We sing this psalm phrase during our Days of Awe services, at that time of year when matters of life and death, of counting up those times when we missed the mark, pledging to re-assess our choices, and our priorities, are at the core of our prayers and liturgies.
Though it is associated with repentance, we also come across Psalm 90 at funeral services, with its evocative phrases: you return a person to dust … truly, a thousand years are in your eyes like yesterday …at dawn, life blossoms and renews itself, at dusk it withers … years of our lifetime …
In a three day span this week I joined in celebrating two young people under the covenant of our people – one as a bat mitzvah and one at a brit milah; paid a hospital visit following a significant surgery; and attended the funeral of a colleague who was about to celebrate his retirement after serving his community for 40 years.
Rabbi Ron Aigen zihrono livraha (may his memory be for a blessing) had suffered a heart attack prior earlier this spring; his recovery enabled him to enjoy seders, delight in his new grandchild, and look forward to a big celebration of his career in June.
Of that moment of sensing something dire, he wrote to a colleague that he had been working on something at the computer about Mordecai Kaplan and Judaism, and wondered if it would be the last thing he wrote. It was not; he posted this blog post on April 13:
Since my heart attack last week, which came suddenly out of nowhere with ferocious speed and near-lethal results, my favourite prayer is “asher yatzar”:
“…who formed us with wisdom creating a myriad of ducts and vessels, and should but one of them rupture or become blocked it would be impossible to stand in Your presence. Praised are You who heals all flesh and does wondrously.”

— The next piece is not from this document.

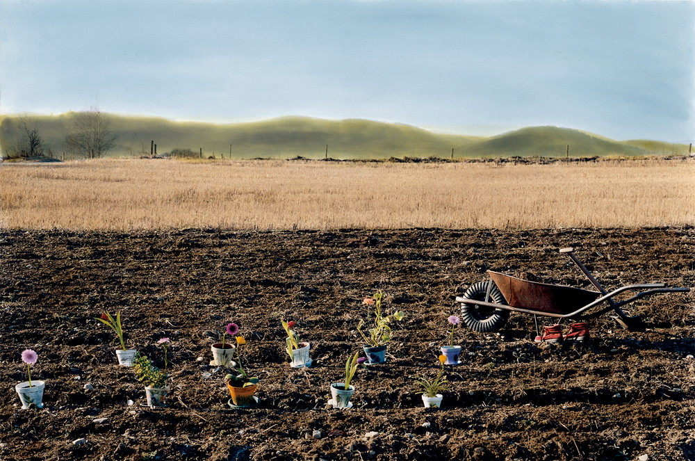 A fotós humorára és játékosságára jellemző, hogy nem elégszik meg ennyivel: még egy szép, patinás csillárt is függeszt az asztal fölé – tökéletes berendezés. A tárgyak, bútorok kapcsolatba lépnek egymással a befogadás során, viszonyrendszerbe kerülnek, aurájuk szoba falait emeli maguk köré. Egy másik fotón kávézósarkot rendez be, az asztalon a zsömléből már hiányzik egy falat, s mivel hideg van (egy havas mezőn vagyunk éppen), hát logikusan ott a radiátor is. A hátteret itt egy sárga, piros virágos takaró adja, s ennek felelgetnek az asztal körül kinövő, színes apró virágok is – jelenlétük egyszerre furcsa a hideg miatt (bár ezt még magyarázhatja, hogy talán a ,,szoba’’ melege segít nekik), de ráadásul vágott virágokat látunk, finoman utalva így az önmagától létrejött és a ,,gondozott’’ közötti különbségekre is… Egy másik, immáron teljesen hófödte mezőn egy színes, virágos, és további textil virágokkal kivarrt takaró fekszik – s hogy ne legyenek illúzióink, mit is látunk valójában, a háttérben nyugodtan hever a locsolócső. Itt (is, többek között) az évszakokhoz köthető tudásunkat, tapasztalatainkat hozza kicsit zavarba a művész… Az utolsó képen ismét jó idő van: egy szántóföld barázdái, a kertész épp csak, hogy kimehetett a képből: piros csizmája, eszközei gondosan összekészítve várják. Vagy csak az ő személyének, s ezen keresztül a szabad természet megdolgozásának szimbólumaiként vannak jelen. A szántóföldhöz alapvetően földműves személye illene: ám a barázdákba ültetett színes virágokról már önmagukban sem a mezőgazdaságra asszociálunk, s ráadásul helyes, színes kis cserepekben ücsörögnek egymás mellett… A vattaszerű világoskék ég alatt: itt vehető ki a legjobban, hogyan is fest bele a képekbe Samaraweerová. Ugyanis a művész egy-egy részletet (virágot, tárgyat, virágcserepet, hátteret) után-színez, s hozza így be a fotó manipuláltságának újabb dimenzióját, illetve teszi képeit még egy kicsit irreálisabbá, ezzel együtt festőibbé, sugárzó színűvé, élettelivé.

We all take for granted the incredible intricacy of our bodies and the true wonder of human health—until we are shocked into acknowledging how fragile this thing called life really is. We are encouraged to be more mindful, more appreciative and grateful for what we have with daily blessings like asher yatzar …
How many of us get a chance to take stock in this way, and in doing so, offer such wisdom as a legacy? Perhaps we could begin by allowing each simcha, each celebration, each encounter with the valleys and with the shadows to generate in us the capacity to return to the vital gift that is each moment, each day.
Limnot yameinu¸ let us know how to assess our days. In the counting of each day lies deep wisdom.